On January 16, 2026, India celebrated the 10th Anniversary of Startup India.

  • Scale: There are now over 2,00,000 DPIIT-recognized startups, making India one of the top three startup ecosystems globally.
  • BHASKAR Platform: Launched recently, the Bharat Startup Knowledge Access Registry (BHASKAR) acts as a one-stop digital registry connecting founders, investors, and mentors through unique BHASKAR IDs.
  • AIM 2.0: The second phase of the Atal Innovation Mission (launched in 2024) is currently scaling proven models to address deeper ecosystem gaps in Tier-II and Tier-III cities.

2. Make in India & PLI Schemes

DPIIT manages the Production Linked Incentive (PLI) schemes for 14 key sectors (including White Goods like ACs and LED lights). By mid-2025, these schemes realized an actual investment of over ₹1.88 lakh crore, significantly boosting domestic value addition.
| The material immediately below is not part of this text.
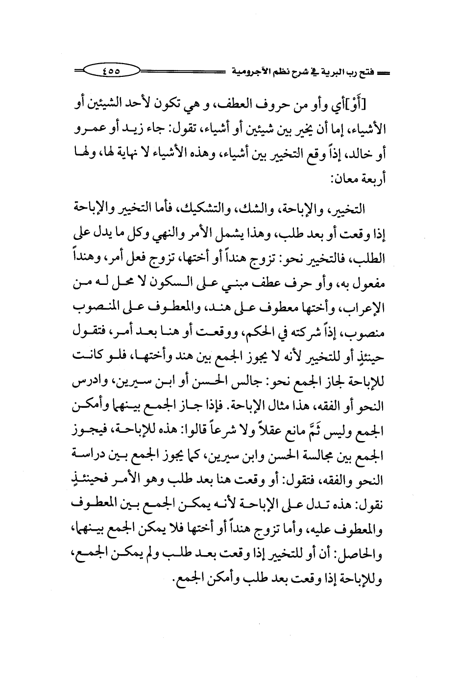 التخيير، والإباحة، والشك، والتشكيك، فأما التخيير والإباحة إذا وقعت أو بعد طلب، وهذا يشمل الأمر والنهي وكل ما يدل على الطلب، فالتخيير نحو: تزوج هنداً أو أختها، تزوج فعل أمر، وهنداً مفعول به، وأو حرف عطف مبني على السكون لا محل له من الإعراب، وأختها معطوف على هند، والمعطوف على المنصوب منصوب، إذاً شركته في الحكم، ووقعت أو هنا بعد أمر، فتقول حينئذٍ أو للتخيير لأنه لا يجوز الجمع بين هند وأختها، فلو كانت للإباحة لجاز الجمع نحو: جالس الحسن أو ابن سيرين، وادرس النحو أو الفقه، هذا مثال الإباحة. فإذا جاز الجمع بينهما وأمكن الجمع وليس ثَمَّ مانع عقلاً ولا شرعاً قالوا: هذه للإباحة، فيجوز الجمع بين مجالسة الحسن وابن سيرين، كما يجوز الجمع بين دراسة النحو والفقه، فتقول: أو وقعت هنا بعد طلب وهو الأمر فحينئذٍ نقول: هذه تدل على الإباحة لأنه يمكن الجمع بين المعطوف والمعطوف عليه، وأما تزوج هنداً أو أختها فلا يمكن الجمع بينهما، والحاصل: أن أو للتخيير إذا وقعت بعد طلب ولم يمكن الجمع، وللإباحة إذا وقعت بعد طلب وأمكن الجمع.

3. National Single Window System (NSWS)

A "one-stop shop" for investors, the NSWS has now granted over 8,29,000 approvals. It allows businesses to apply for various clearances (central and state) through a single digital portal, eliminating the need to visit multiple government offices.

Conclusion

The DPIIT’s consideration of easing FDI norms for existing defence licence holders marks another step in India’s ongoing defence sector reforms. By potentially raising the automatic-route FDI cap from 49% to 74% for older licence holders, the government aims to create a level playing field, attract fresh foreign capital, and accelerate technology-led growth in defence manufacturing. If approved, the move could further strengthen India’s ambition to emerge as a global defence production and export hub.